The Wills family was no stranger when it came to educational altruism; the founder's uncle, Henry Overton Wills III and three of his cousins had founded and endowed buildings at Bristol University. In 1918, Noel Wills bought Rendcomb Park with a view to forming a 'Transition School' to provide a free boarding education to forty to fifty boys from the elementary schools of Gloucestershire and prepare them for entry to public schools. He envisaged that by giving them 'the best possible education, some would obtain scholarships to public schools and that some would ultimately go on to university. The initial vision involved supplements from the endowment to subsidise scholarships and leaving scholarships for those who could not secure entry to public schools for 'assistance in beginning professions and trades'. This vision evolved in the next two years in part by the Christmas gift that Mrs Wills had given her husband in 1917: An Adventure in Education by J H Simpson.

Simpson had been educated at Rugby School and Pembroke College, Cambridge, where he studied classics and history before teaching at Clifton College, Charterhouse School, Gresham's and Rugby. Noel Wills invited Simpson to Miserden in February 1919, and the conversation they had shaped the future of the vision. Instead of providing what was essentially a preparatory school education, Rendcomb College would educate boys for five years to sixteen, or seven were the boys of university material. That Noel Wills was prepared to compromise his original intentions says much for his receptiveness to new ideas and the respect that he had for the educationalist; that Simpson was prepared to leave Rugby to take the founding Headship of Rendcomb rather than posts at Oundle or Leeds University says much for the respect that the educationalist had for the founder. Simpson's attraction to Rendcomb would have been increased as he learnt more of the founder's intentions in a series of letters between the two in the months after their meeting outlining his intention to provide 'a social, moral and intellectual education rather than mere scholarship'. Simpson clearly saw the potential that such a brief provided.
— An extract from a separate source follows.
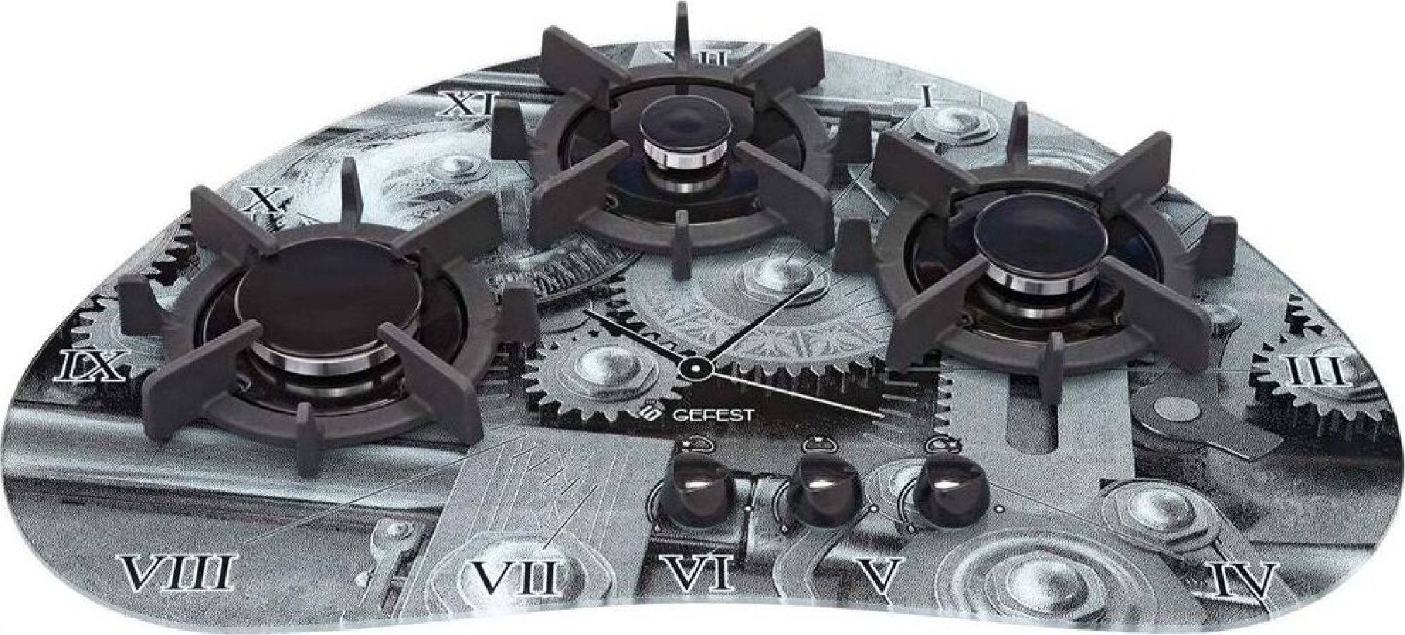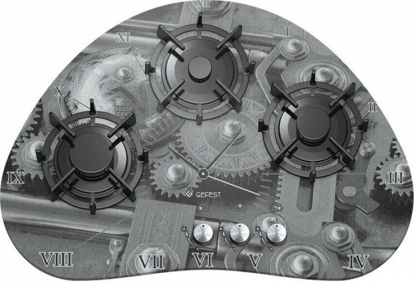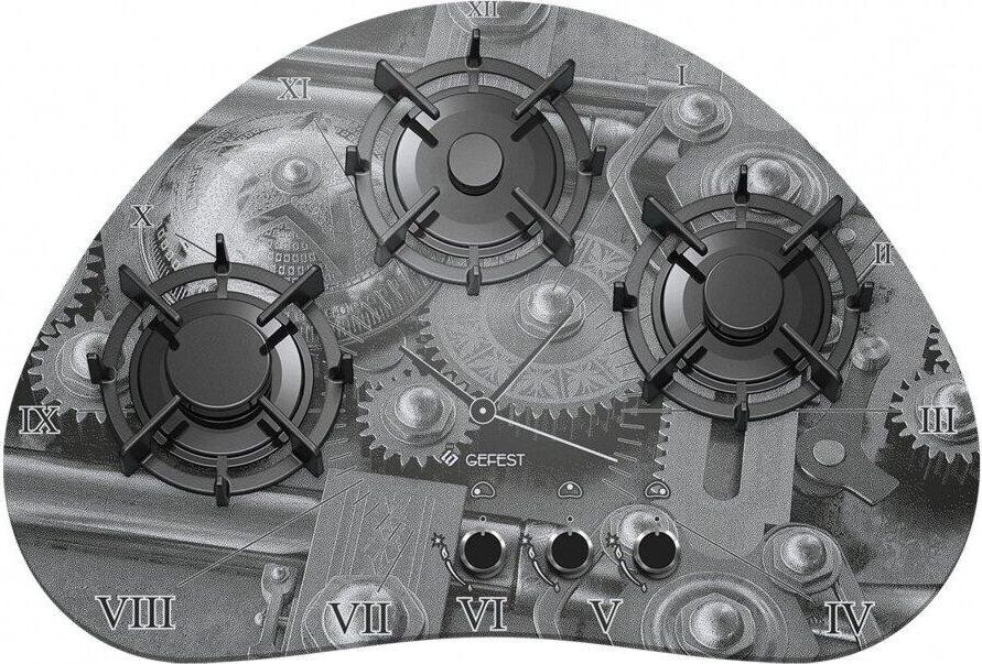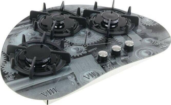 Габариты (ВхШхГ) 10,2х73,3х50см. 3 конфорки. Переключатели поворотные. Электророзжиг от отдельной кнопки. Фиксированное положение «малое пламя». Система «газ-контроль». Варочная поверхность: стеклянная. Чугунные решетки стола.

On 2 June 1920, Rendcomb College opened with twelve boys, Simpson at the helm and Noel Wills as chair of governors. The two men shaped the path of the school for a little over seven years, and their relationship was founded on mutual respect and affection. In 1924, Wills wrote an illuminating piece for The English Review which gives a fascinating insight into those early years and his progressive educational vision.

Reflecting on his expectations of us – his satisfaction with our successes and his understanding of our shortcomings – we should proceed with humility and confidence in realizing his vision.- James Herbert Simpson, founding Headmaster of Rendcomb College.

==Personal life==
Wills developed strong creative interests including painting, music (cellist and tenor), design, wood carving, writing and later in life, gem cutting. He also hunted, played polo, and fished.

Noel was a very wealthy man and had inherited a third of his late father's estate in 1909.

In 1912, Noel Wills married Margery Hamilton Fraser, the eldest daughter of Sir Hugh Fraser of Stromeferry House, Ross-shire who was High Court of Justice judge.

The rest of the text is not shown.